Hybridations
À quoi s’ajoute un autre effet, qui n’est pas non plus sans lien avec le numérique, même s’il tend à se généraliser à des domaines qui lui semblent étrangers. D’abord mise en évidence dans les médias (un média numérique hybride la presse, la radio et la télévision), puis à propos du politique, de l’identité, de la monnaie, ou encore des comportements en matière de médecine et de santé, l’hybridation se propage au point de devenir un lieu commun de l’époque. Les prothèses hybrident la technique et le vivant tandis que la robotique de son côté se « biologise » ; l’industrie (l’automobile, par exemple) hybride à tout va ; les biotechnologies jouent avec la barrière des espèces ; l’art et le body art renchérissent ; les identités et les opinions naguère incompatibles coexistent… La convergence a déjà trouvé son sigle : vous avez aimé les NTIC ? Vous adorerez les NBIC (nano, bio, informatique, sciences cognitives). Surveillez notamment le nano : il nous promet de faire à la matière, inerte ou vivante, ce que le numérique a fait à l’information.

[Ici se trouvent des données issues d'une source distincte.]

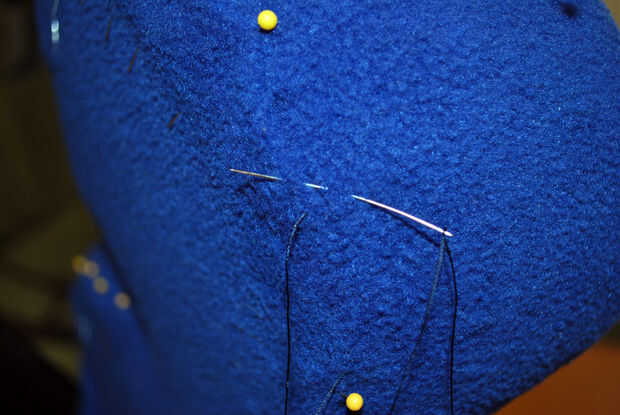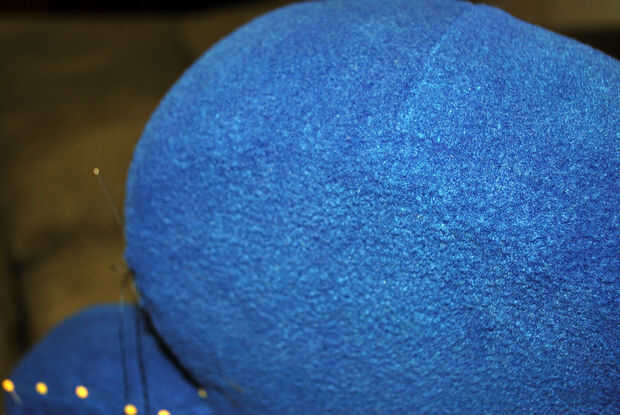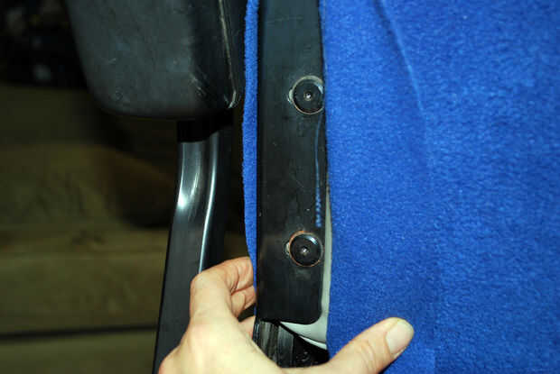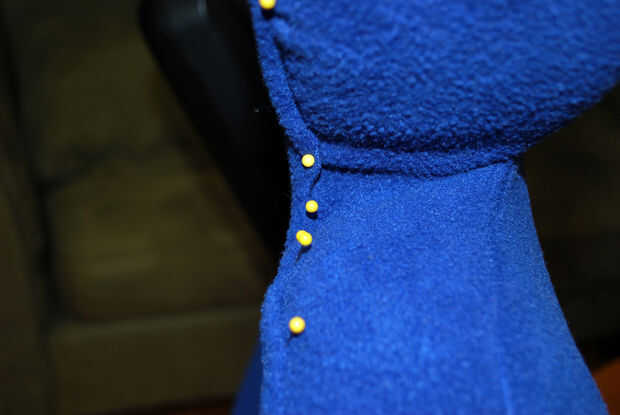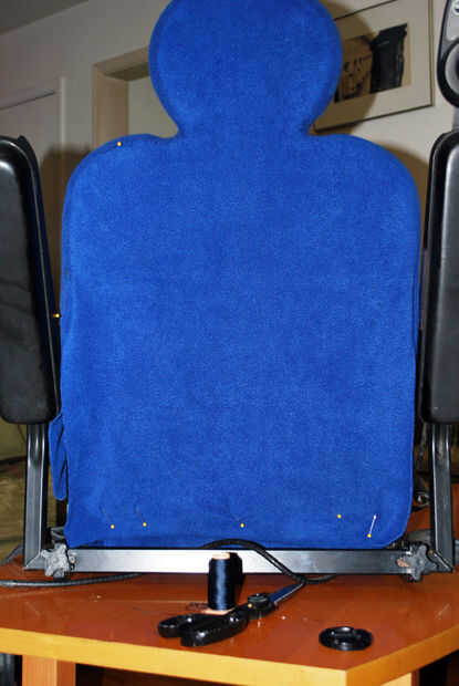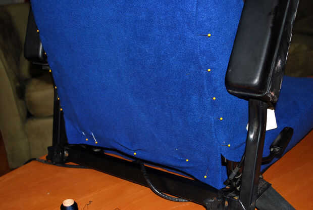 El área en la base de apoyo para la cabeza es lo que llama el cuello del asiento. Tuve a mi margen de clip y pin volver a él un par de veces para obtener esa curva pronunciada establecer muy bien, pero finalmente llegué. Luego rosca aguja de mi modista con hilo de alfombra Marina botón otra vez y llegó a la costura.

En conséquences, si le XXe siècle se voyait (se voulait) sans frontières, le XXIe lui sera au mieux trans-frontières, car la démangeaison identitaire les fait proliférer. Et il devient même nécessaire d’en établir de plus étanches, contre l’effet réseau, pour bloquer, par exemple, la propagation des virus [6] ou celle des créances pourries.
De ce point de vue, c’est l’Europe qui est dans le coup. À défaut de former un improbable corps politique, l’Union européenne apparaît comme une chimère politique – à ceci près que de l’antiquité (mythologie) à nos jours (biotechnologies et body art) la chimère conquiert son droit à l’existence. Les acteurs de la construction européenne seraient bien avisés de renoncer à « unifier » ce qui ne demande qu’à être « harmonisé », comme le dit dans sa très grande sagesse le président de la Cour européenne des droits de l’homme, à propos d’un droit européen… hybride : « La Cour a toujours tenté, depuis cinquante ans, d’harmoniser la protection des droits de l’homme, pas de l’unifier, précisément pour laisser une marge d’interprétation aux États. Une synthèse se crée, la Cour prend ce qu’il y a de meilleur dans chaque système [7] ». Que n’a-t-on suivi son exemple en matière monétaire : un euro monnaie commune nous eût sans doute valu moins de déboires qu’un euro monnaie unique à l’heure où se multiplient les monnaies locales.
Décidément, ceci (le nouveau) ne tuera pas cela (l’ancien), car cela peut trouver dans ceci de quoi s’offrir un coup de jeune. Voyez, entre autres, le solaire et les éoliennes remis au goût du jour par la technique et la production industrielle ou encore, dans un tout autre registre, la réhabilitation du plagiat… Et risquons pour finir un pronostic : le recyclage serait à l’ère nouvelle ce que le progrès fut à la précédente, étant entendu que le progrès peut lui-même être recyclé.